Efforts on a hormone-based male contraceptive continued in 2008 in a study co-funded by the Bill & Melinda Gates Foundation and UN agencies that was published in October. While the injected regimen’s efficacy was “relatively good” compared to other methods, the study was terminated early after a safety review. The authors noted a “relatively high” frequency of mild to moderate mood disorders, sparking a media uproar over perceived double standards in the development of contraceptives because the side effects seemed similar to those women experience on the pill.
Bayer, which bought Schering in 2006, stopped all research and development activities around male fertility control about a decade ago, said Astrid Kranz, a company spokeswoman.
Although an earlier clinical trial involving the administration of hormones via injection and an implant was “efficient, with a tolerable side effect profile,” Kranz said, the Leverkusen, Germany-based drugmaker wasn’t convinced this “inconvenient” regimen would find sufficient market acceptance.
Male contraception isn’t an area of active research for Pfizer and Merck either, representatives said. Both companies sell products for female fertility control.
Side effects aside, it would take about $100 million and 10 years to bring a hormone-based male birth control pill to market—a low-priority undertaking for pharmaceutical executives, Coelingh Bennink said.
“If those companies were run by women, it would be totally different.”
That’s now the dilemma Indian inventor Guha faces.
“In doing anything abroad, quite substantial money is required, and that can only come from the pharmaceutical industry,” Guha said, surrounded by dusty stacks of paper, books and prototype inventions that bury every surface in his office at the Indian Institute of Technology in Kharagpur, about 130 kilometers (80 miles) west of Kolkata.

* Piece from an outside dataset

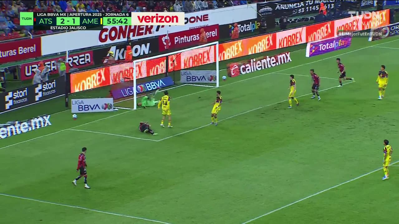 ¡Gol! Atlas 3| América 1. Uros Djurdjevic (Atlas) Disparo con la derecha desde el lado izquierdo dentro del área.

In the face of disinterest from the pharmaceutical industry, Guha licensed the technology to the Parsemus Foundation, a U.S.-based non-profit, to help establish a market for it outside India, he said.

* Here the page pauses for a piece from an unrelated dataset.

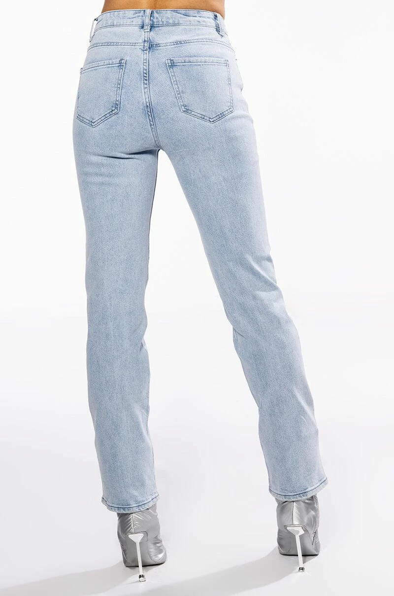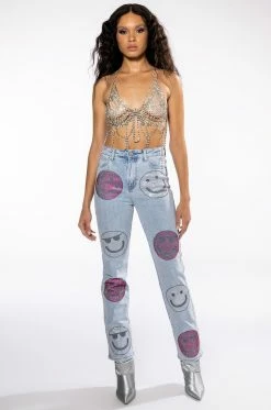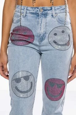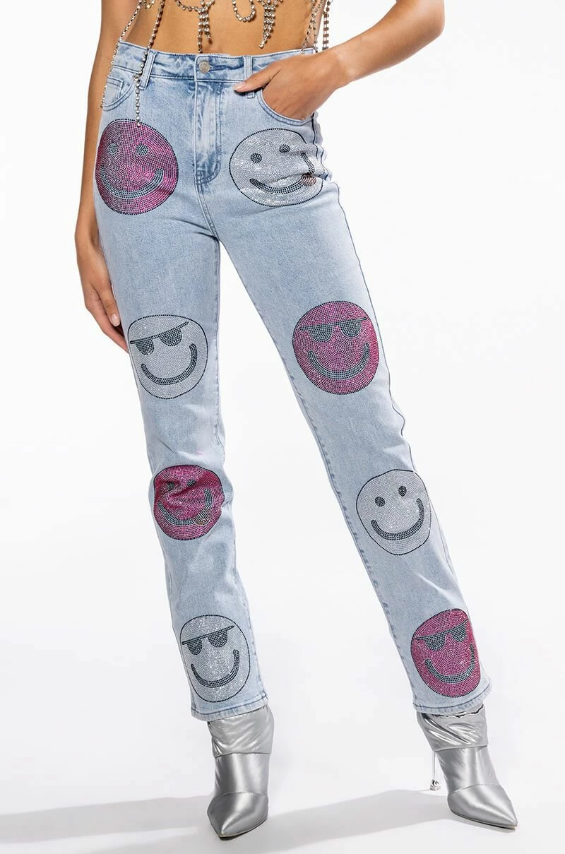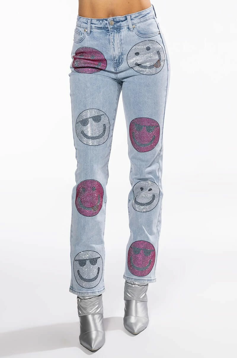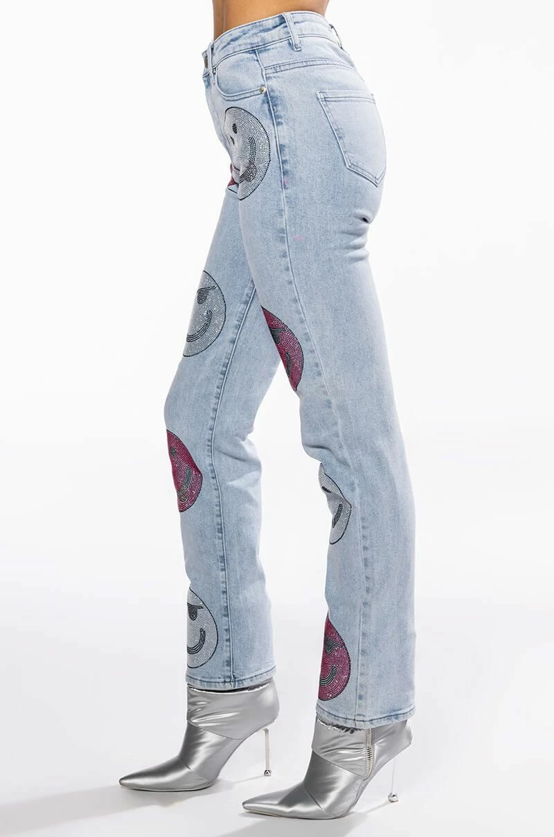 SMILEY FACES RHINESTONE HIGH RISE STRAIGHT LEG JEANS

Parsemus is working on its own version, called Vasalgel, that it plans to manufacture and distribute at near cost—or potentially $10 to $20 per person in low- and middle-income countries—and $400 to $600 per person in wealthier markets, Elaine Lissner, the foundation’s founder, said in an email.
The foundation, based in Berkeley, California, is seeking donations to fund costly human trials starting next year after a study in 16 rhesus monkeys published last month showed Vasalgel was successful in preventing conception while the primates fraternized with females for 5 to 24 months.

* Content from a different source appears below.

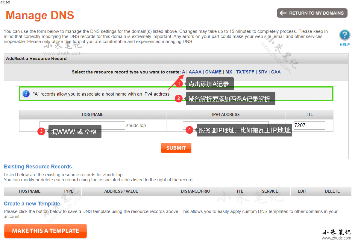 第二个在Hostname 处填写 www,并在 IPV4 ADDRESS 那里输入服务器 IP地址 ,点击 SUBMIT。

Guha meantime has registered a startup in India called IcubedG Ideas Pvt. Ltd. through which he is pushing ahead with introducing the technology in his home country. He leased space in a New Delhi industrial zone in January after developing a method of mass production using a government grant. Three couples who participated in the clinical trials gathered in his Kharagpur office in February to attest to the need.
Kinkar Ari, a 39-year-old day laborer from a nearby village, said that when he and his wife Aloka decided they didn’t want more children they had a choice between tubal ligation for her or vasectomy for him, but neither could afford the time off to recuperate from the surgery.
When a public health worker told the couple about Guha’s promising alternative, Ari decided to enroll in the study. The injection took 15 minutes with some local anesthesia, and after half an hour of observation at the clinic, he said he was able to walk the 2.5 kilometers home. Two days later, he was back at work. Ari was so enthused by the procedure, he convinced two other couples to have it done, he said.
Stories like that encourage Guha to persist with the project, he said, even though patents on his invention have long since expired and he won’t see any personal financial gain even if it takes off worldwide.
“Why should the burden be borne by the female only?” he said in his office after the three couples had left. “There has to be an equal partnership.”